Sejarah Ejaan Bahasa Indonesia

Sejarah Ejaan

A. Pendahuluan
Bahasa memiliki peranan penting bagi kehidupan, karena selain digunakan sebagai alat komunikasi secara langsung, bahasa juga digunakan sebagai alat komunikasi secara tulisan. Pada zaman era globalisasi dan pembangunan reformasi demokrasi ini, masyarakat dituntut secara aktif untuk dapat mengawasi dan memahami informasi di segala aspek kehidupan sosial secara baik dan benar. Sebagai bahan pendukung kelengkapan tersebut, bahasa berfungsi sebagai media penyampaian informasi secara baik dan benar. Dengan penyampaian berita atau materi secara tertulis, diharapkan masyarakat dapat menggunakan media tersebut secara baik dan benar.[1]
            Sebagai pemakai bahasa Indonesia, kita wajib mematuhi aturan baku berbahasa yang dinyatakan dalam EBI, KBBI, dan Tata Bahasa Baku Bahasa Indonesia. Pemakai bahasa Indonesia seyogyanya berbahasa dengan baik dan benar dalam forum resmi atau saat menyajikan satu bentuk tulisan ilmiah.[2] Akan tetapi, sampai sekarang masih banyak di antara orang Indonesia yang belum dapat atau fasih menerapkan  kaidah Ejaan Bahasa Indonesia  itu dalam tulis-menulis.[3] Oleh karena itu, pengetahuan tentang sejarah ejaan yang diterapkan oleh Indonesia sebagai acuan untuk berbahasa yang baik dan benar harus kita cermati.

B. Pengertian Ejaan
            Kata “ejaan” berasal dari bahasa Arab yaitu hijja’  menjadi eja yang mendapatkan akhiran-an.[4] Menurut KBBI, ejaan adalah kaidah-kaidah cara menggambarkan bunyi-bunyi (kata, kalimat, dan sebagainya) dalam bentuk tulisan (huruf-huruf) serta penggunaan tanda baca. Dalam Kamus Umum Bahasa Indonesia (KUBI), ejaan adalah cara atau aturan menulis kata-kata dengan huruf menurut disiplin ilmu bahasa.[5]
           
C. Sejarah Ejaan
            Sejarah perkembangan ejaan bahasa Indonesia telah melalui beberapa tahap perkembangan, dimulai dari zaman penjajahan Belanda sampai sekarang.

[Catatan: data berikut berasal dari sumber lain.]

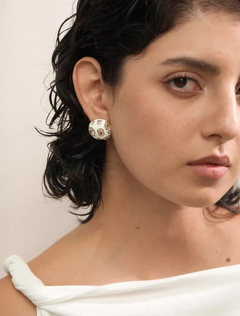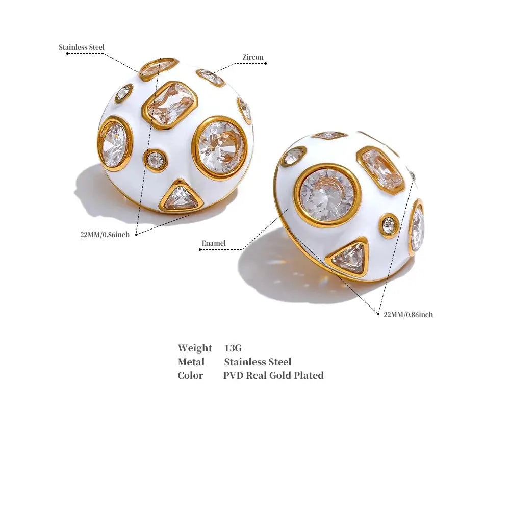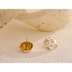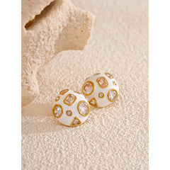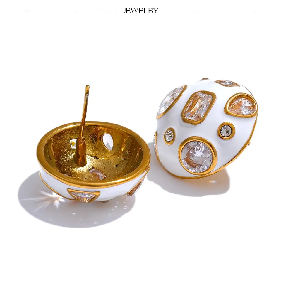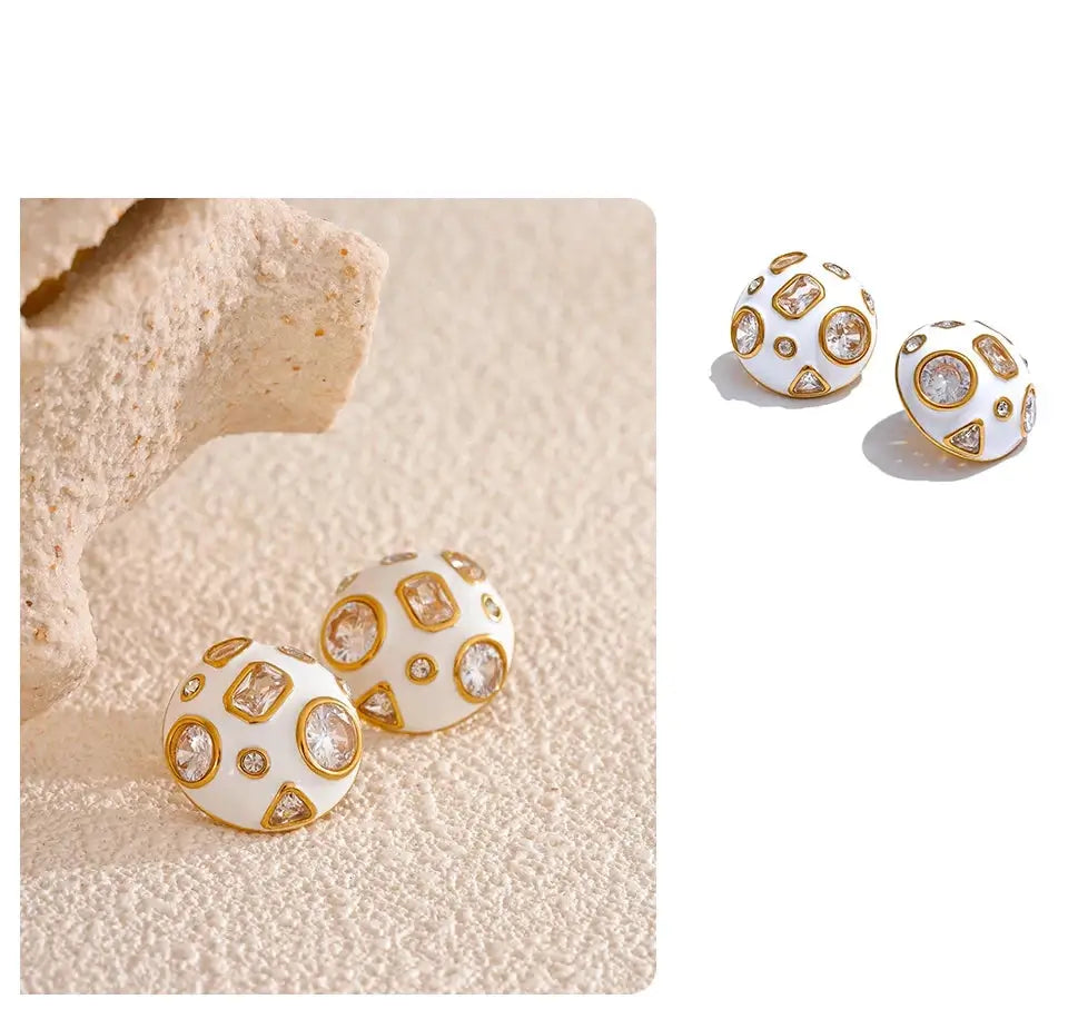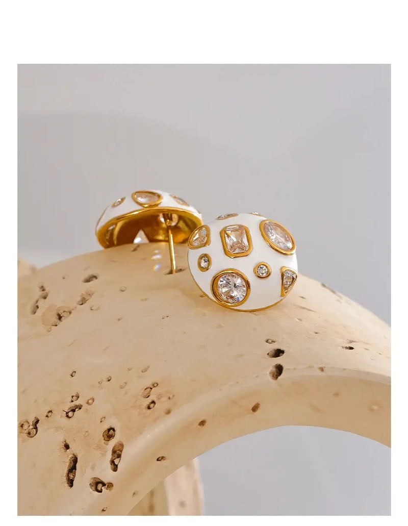 Bellartini Gold White Enamel Cubic Zirconia Charm Stud Earrings WP Venice

1.      Ejaan Van Ophuijsen
Ditetapkan tahun 1901, berdasarkan peraturan ejaan bahasa Melayu dengan huruf latin. Perubahan ejaan dilakukan berdasarkan rancangan Charles Adrian Van Ophuijsen dengan bantuan Tengku Nawawi, gelar Soetan Ma’moer dan Mohammad Taib Soetan Ibrahim. Usaha kea rah penyempurnaan juga dilakukan berkali-kali. Selama Kongres Bahasa Indonesia pertama di Solo (1938), disarankan agar ejaan bahasa Indonesia lebih diinternasionalkan.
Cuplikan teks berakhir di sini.